During heat stroke, the temperature body rises to 44C. At the same time, weakness, intensification, and then cessation of sweating, pain in the epigastric region, frequent urge to urinate, increased heart rate, drop in blood pressure, redness of the face, loss of consciousness, convulsions, and in severe cases, death develop. Thus, heat stroke is a consequence of the general overheating of the body. In a forensic medical examination of a corpse in such cases, there is a rapid onset of rigor mortis, a sharp plethora of internal organs, especially the lungs, which appear almost black. There is swelling of the brain, foci of small hemorrhages.

Sunstroke - refers to the defeat of the central nervous system by the action of direct sunlight (ultraviolet) on an uncovered head. This causes a rush of blood to the head, overheating of the brain, followed by a violation of the central nervous system. Clinical symptoms are similar to heat stroke (headache, vomiting, loss of consciousness, convulsions). Scalding - changes from the action of hot liquids, steam. In addition, as a result of burns, a person may develop a burn disease. The danger of burns to life depends on the size of the burnt surface: the larger the surface, the sooner death occurs. If the area of ​​a burn of 2-4 degrees exceeds 10-15% of the body surface (and 1 degree - 50%) and the victim does not die in the near future, then changes in the internal organs occur, which are combined under the name of burn disease. The first period of burn disease, or the period of burn shock, is characterized by excitation, followed by general severe depression.

There are four degrees of burns. First degree burns - redness and swelling of the skin, soreness. Almost impossible to find on a corpse. Second degree burns - the formation of blisters with serous contents, which after 3-4 days thickens and becomes jelly-like. Bubbles should never be opened. Healing occurs without scar formation. Bursting blisters dry up on a corpse, turn brown and resemble abrasions. With third-degree burns, necrosis of the skin is formed, sometimes thick-walled blisters appear, the epidermis is detached from the inner layer of the skin and hangs down in the form of tatters. With fourth-degree burns, not only the skin, but also deeper tissues (muscles, bones) die. Extensive charring and burning of tissue suggests a post-mortem effect of the flame. Healing occurs with the formation of tightening scars, limiting mobility in the joints and disfiguring the face, which further determines the degree of disability. The death of victims can occur at different times.

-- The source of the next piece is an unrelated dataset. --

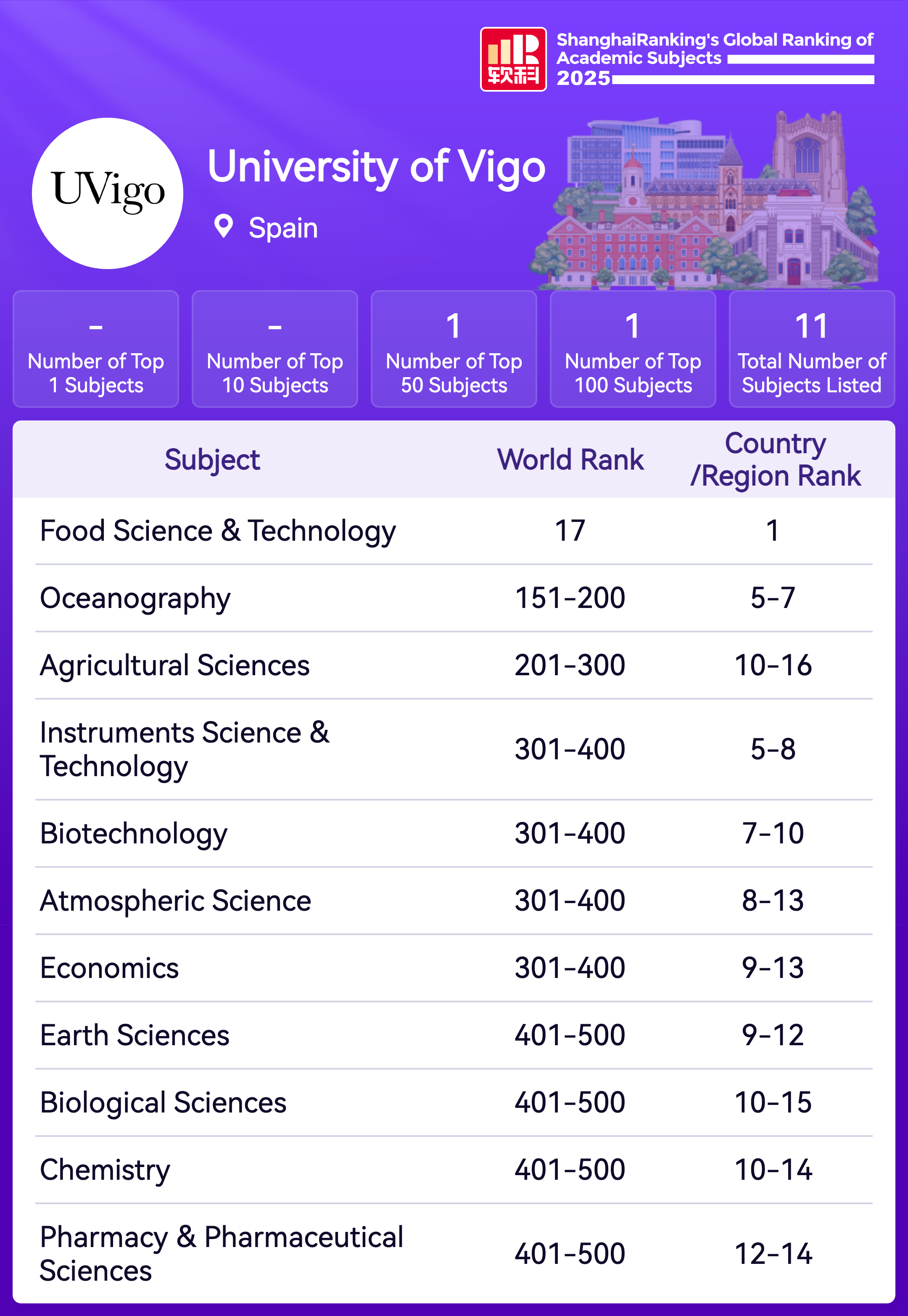 A Shanghai Ranking Consultancy, responsable do ránking ARWU (máis coñecido como ránking de Shanghai), acaba de facer público o seu Global Ranking of Academic Subjects (GRAS) 2025, a clasificación das mellores universidades do mundo en 57 materias de investigación. Nel, a Universidade de Vigo mantense como primeira universidade española en Ciencia e Tecnoloxía dos Alimentos e sube ao posto 17. Este resultado mantena como universidade de referencia en España nesta materia. En Oceanografía, está entre as 200 mellores (no traballo 151-200) e en Ciencias Agrícolas entre as 300 (no tramo 201-300). Noutras catro materias, a UVigo posiciónase entre as 400 institucións de educación superior referentes internacionalmente, é dicir no tramo 301-400. Trátase de Ciencias Atmosféricas, Biotecnoloxía, Ciencias Económicas e Ciencia e Tecnoloxía dos Instrumentos. Por último, a UVigo sitúase entre as 500 universidades do mundo (tramo 401-500) en Química, Ciencias da Terra, Farmacia e Ciencias Farmacéuticas e Ciencias Biolóxicas. Dez dos ámbitos repiten de edición 2024 do ránking e incorpórase como novidade Ciencias Biolóxicas.

When a burnt corpse is found, it is first of all necessary to resolve the question: did the flame act on the corpse or were the burns caused to a living person? The following signs can be used to establish the vitality of the impact of the flame:

1) Smoke irritates the eyes and a person closes them, as a result, skin wrinkles form in the corners of the eyes, not covered with soot.

2) The presence of 1-2 degree burns as an intravital reaction, since only 3-4 degree burns occur on the corpse.

3) The presence of soot in the small bronchi and lungs; on a corpse, soot can only enter the initial respiratory tract (trachea).

4) Burns of the upper respiratory tract, as a person breathes hot air.

5) High content of carboxyhemoglobin (combination of blood with carbon dioxide).

6) The presence of soot in the sinuses of the frontal and main bones.

7) Soot from the lungs can enter the lumen of the blood vessels and is carried by the blood flow to the internal organs.

Question No. 47 Disorder of health and death from the action of low temperatures. General effect of cold. Factors contributing to the cooling of the body.

The local effect of cold manifests itself in the form of frostbite and is well studied in medicine, especially in military surgery. There are 4 degrees of frostbite:

Grade 1 - characterized by circulatory disorders, skin vessels narrow (protective reaction to vital organs), blood rushes to the internal organs, the skin turns pale. However, soon the skin vessels dilate, the skin becomes bluish, sharply painful.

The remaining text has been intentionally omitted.